Real Men Make Furniture

In lighter—or perhaps, heavier—moments, Kevan Sledge can break an empty beer bottle over his head, casually smoothing the glass from his pompadour with a thick, callused hand.

Depending on the day, his ride of choice is either a prewar, customized Mercury coupe that looks not unlike a road-going Japanese beetle or a loud, rough-hewn '32 Ford roadster he built himself. (Seven or eight years ago, Sledge drove a smaller, unfinished roadster to the high desert, where he raced it only to have the steering column unmoor from the dashboard and flop around on his lap like a dying trout.)

As a man clearly armed with prodigious amounts of moxie, cajones, chutzpah, spunk and hand tools—to say nothing of a hollow leg—you'd expect Sledge to hold down a job in which he worked tipping the bucket in a steel mill or shooting birds at the airport.

But Sledge has inner depths. The man owns and runs his own furniture factory, Krypton, which is warehoused in Placentia and has a showroom in cyberspace (www.krypton1.com).

Better let him explain.

“I pretty much just picked it up on my own, just being into old music and old cars,” says Sledge, 31, a founding member of Orange County's infamously ill-behaved Shifters car club. “The furniture thing just kind of came out of that.”

During the 1990s—before the Internet made it possible for somebody living on an island in Wisconsin to figure out that Great-Aunt Harriet's '50s bedroom set was worth 10 times what she paid for it—Sledge made a living driving around the country finding furniture to resell. Then eBay ate his future.

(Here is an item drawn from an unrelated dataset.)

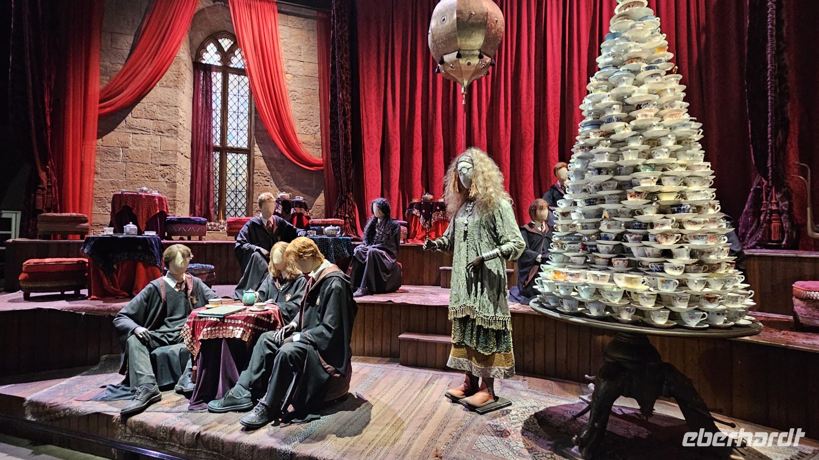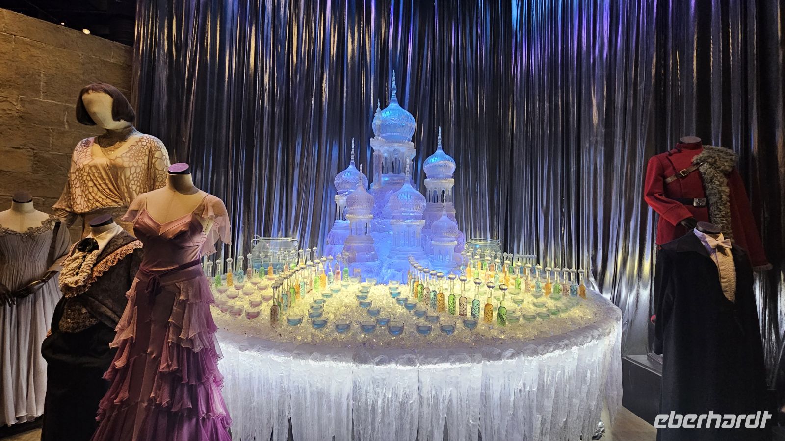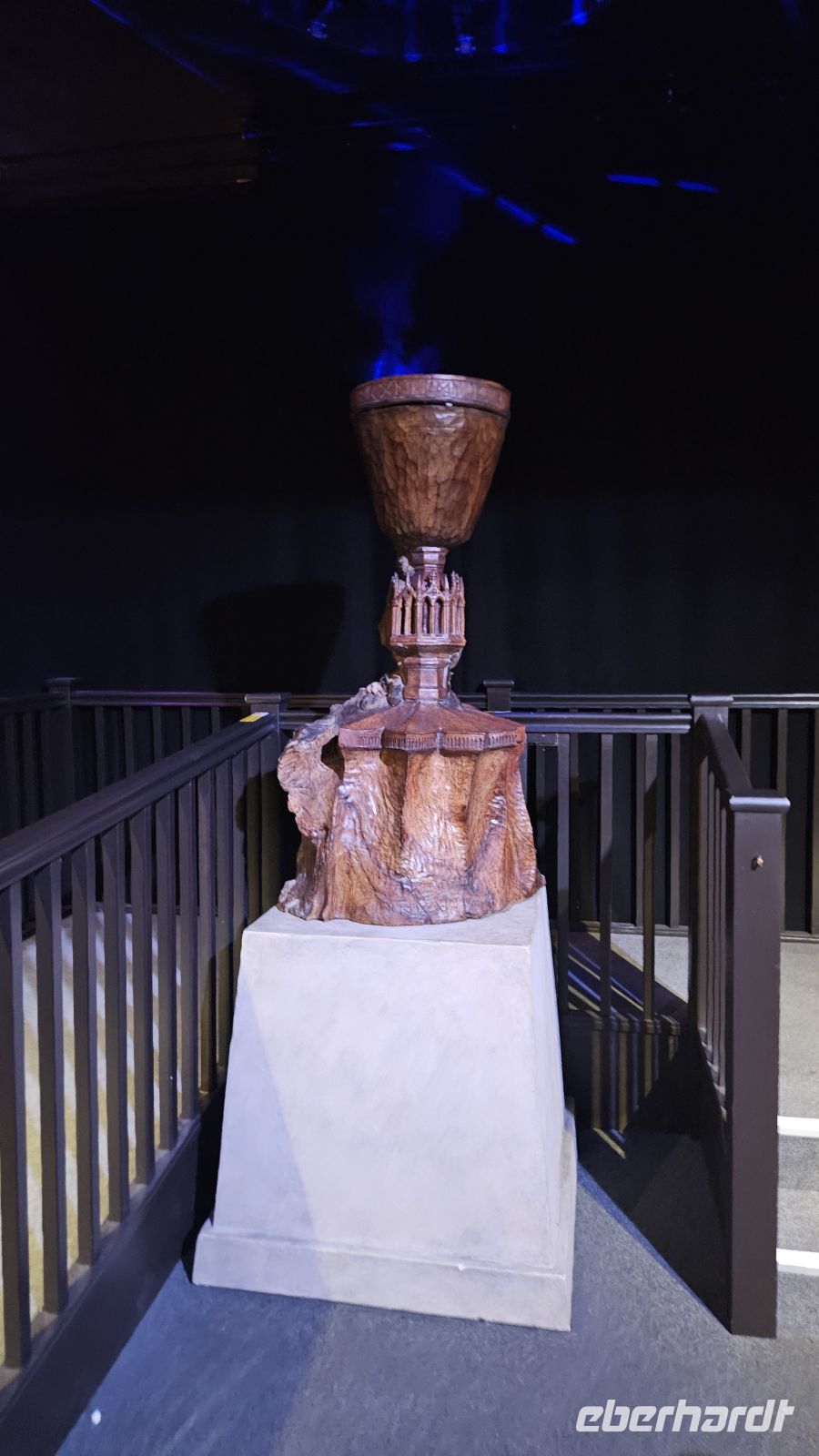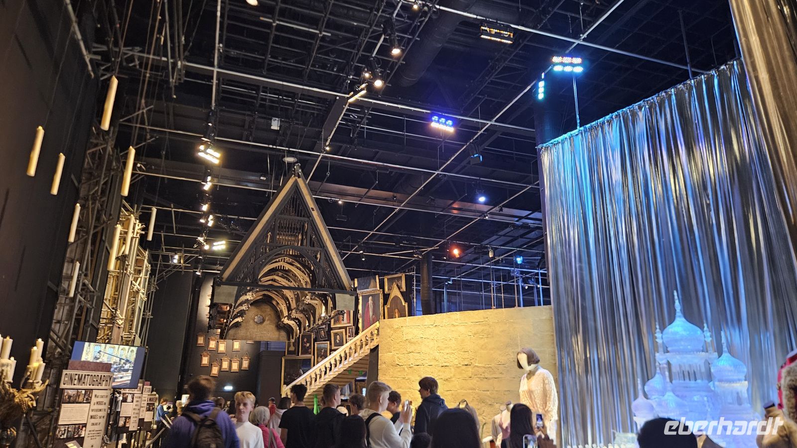 Nach einer kleinen Kinovorstellung werden wir emotional bei unserem Eintritt in die große Halle! Diese ist größer als wir uns vorgestellt haben. Wir haben großes Glück diesmal, denn es findet die Sonderausstellung zu 20 Jahre „Harry Potter und der Feuerkelch statt“ und so erleben wir den traumhaften Eingang der Schüler von Beauxbaton und Durmstrang.

“I think eBay changed a lot of that,” Sledge says. “You can't go back there and load up a truck and bring it back here and triple your prices.”

So, right around the time 14-year-old girls were doing tap routines to Brian Setzer's “Cat on a Hot Tin Roof,” Sledge and partner Joe Tatar founded Krypton.

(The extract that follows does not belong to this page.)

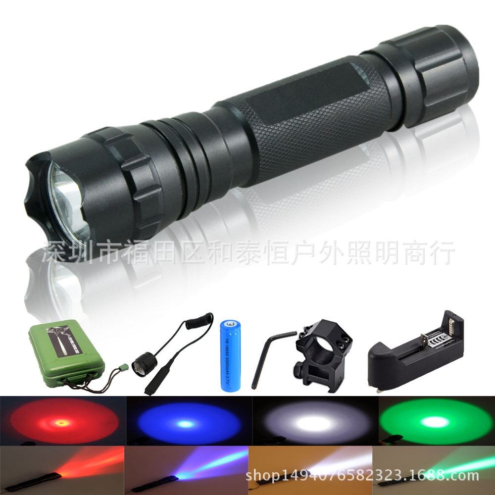 Cross-border senter multifungsi, penjualan laris 501B putih hijau merah biru ungu T6/L2 cahaya kuat multifungsi detektor uang pengisian luar ruangan

The company reproduces such '50s and '60s landmark modern furniture as George Nelson's Marshmallow Sofa, Eero Aarnio's 1966 Ball Chair (at Krypton, it's the Sphere Chair), and the Charles and Ray Eames Eiffel Tower chair base.

Where necessary, designs have been changed enough to duck the copyright police. Not bad for someone who might rather be tearing apart a Cadillac flathead V8 to see what makes it run.

“More and more people are going in that direction, (buying) reproductions,” Sledge says, pointing out that the Eames chair base is out of production here. “I think they're doing them in Europe.”

But who wants to go to Europe when they're phasing out the Concorde? Jump on the Internet, and a world of satellite-shaped chandeliers, bubbly '50s-style sofas in vintage fabric and tiki bars with faces peeking out of them is at your fingertips. Bring your credit card, though; prices are better than the originals, but they're not cheap. The tiki bar is priced at $999—surely making at least one person feel good about himself.

“I dig what I'm doing. It's a lot better in the long run. I guess I can make more money with it,” Sledge says.

Plus, he's got you over a barrel. You! In the Men's Wearhouse suit. Where else are you gonna find a perfect egg chair with fuzzy upholstery or a chandelier with good wiring? Not at the Salvation Army. Those designer pieces are long gone from the thrift stores.

“Yeah, yeah, unless you find something that needs things done,” agrees Sledge, pointing out that restored originals aren't a bargain, either. “If you find something that's original and restored, it's always going to be more money.”

So relax. Have a beer. Give in to Krypton.